Driving change Featured

8:00pm EDT May 26, 2009

It may feel counterintuitive, but as business slows, now is the perfect time to accelerate planning and improvement initiatives.

“Companies that are going to do really well coming out of this recession are the ones who keep a constant eye on the future and view business improvement as truly continuous,” says Jay Kuhn, president of Definity Partners. “Don’t wait for new challenges or hope for new opportunities to develop. Lead your organization, and start today.

“You need to look to the future, anticipate marketplace needs and make business improvement part of your culture,” he adds.

Smart Business spoke with Kuhn about how to make process improvements during times of economic uncertainty to position your business for success going forward.

What is the key to making process improvements?

You must step back and look at where you need to go. Re-evaluate the marketplace situation. Truly understand the needs of your customers — both current and emerging needs. Then, rebuild your business processes to efficiently and effectively supply the demand.

The most successful companies create a culture that embraces change and delivers sustainable improvement. They don’t get hung up on the constraints of their old approach. They understand that the old way of doing things continually loses relevance and eventually becomes obsolete. Instead of simply amending an existing process, successful companies take a transformational approach that builds from a visionary platform.

Ask yourself, ‘If I started my business today, how would it look? Whom would I serve? How would the operational processes be different than what we’re doing today?’ The answers to these questions will provide you with the foundation for a successful transformational approach.

How do you start making changes?

Start by shoring up the basics of your organization. Look at the core processes. Determine what is driving success and what is causing performance issues in each operational area. Don’t get bogged down attempting to create the end-all, ideal solution. Remember, the goal is improvement not perfection. Try different ideas to see what works and what doesn’t work. Incorporate each new insight into your ongoing efforts.

As you search for the best solutions, be careful not to fall prey to common organizational defense mechanisms. For example, during years when the economy was good, many companies blamed issues such as poor lead times or delivery delays on the fact that they were so busy. Yet, now when many of those same companies are experiencing significant declines in demand — when they are less busy — the same operational challenges remain. So, the inefficiencies now get attributed to different causes, such as limited human resources, budget cutbacks or some other recessionary condition. This head-in-the-sand approach makes driving continuous improvement extremely difficult, if not impossible.

How do you get people to buy in to change in an uncertain economy?

Most people want to do a good job, they want to be heard and they want to contribute to a successful operation. As a result, we find employees are generally very open to change. This is particularly true during challenging times when needs are more obvious. Regardless of economic conditions, two key elements seem most critical for generating and maintaining employee buy-in.

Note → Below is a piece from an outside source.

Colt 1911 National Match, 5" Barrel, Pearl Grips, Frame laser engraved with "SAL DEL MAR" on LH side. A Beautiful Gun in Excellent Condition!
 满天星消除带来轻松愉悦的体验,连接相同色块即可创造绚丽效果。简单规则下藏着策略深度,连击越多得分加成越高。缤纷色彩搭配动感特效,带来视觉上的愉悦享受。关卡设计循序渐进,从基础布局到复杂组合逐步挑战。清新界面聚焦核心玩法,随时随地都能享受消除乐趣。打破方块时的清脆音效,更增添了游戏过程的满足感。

First and foremost, focus on the ‘why’ rather than the ‘who’ when identifying improvements. Don’t get caught up in the blame game. It’s far more important and productive to identify the right approach, and then lead people to implement it effectively.

Secondly — and equally important — make certain the necessary tools and procedures are in place for effective two-way communication. A healthy dialogue between the leadership team and employees keeps everyone informed and engaged. Communication drives creativity and innovation, and it helps identify and eliminate misunderstandings and motivational issues.

How do you deal with those who are resistant to change?

Continually build momentum by demonstrating success and tying it back to the bottom line. If you can show employees how it will directly impact them, they will be more willing to change. You must explain how it’s going to make life easier for them, better for the customer and/or provide a competitive advantage for the company. Once you’re able to prove success, they will begin to open up their minds and become more involved in the effort.

Start small: If you wanted to improve productivity by 30 percent, look for ways to make incremental improvements. Ask employees for any and all ideas. Take their input, put it into action and continually report back on the success. In doing so, make sure to link results to their involvement. You need them to understand that they are an integral part of the solution. One of the big mistakes companies make is asking employees to get involved, then not listening to their input or failing to show how the input made a difference. This oversight frustrates the employees and is detrimental to the improvement initiative.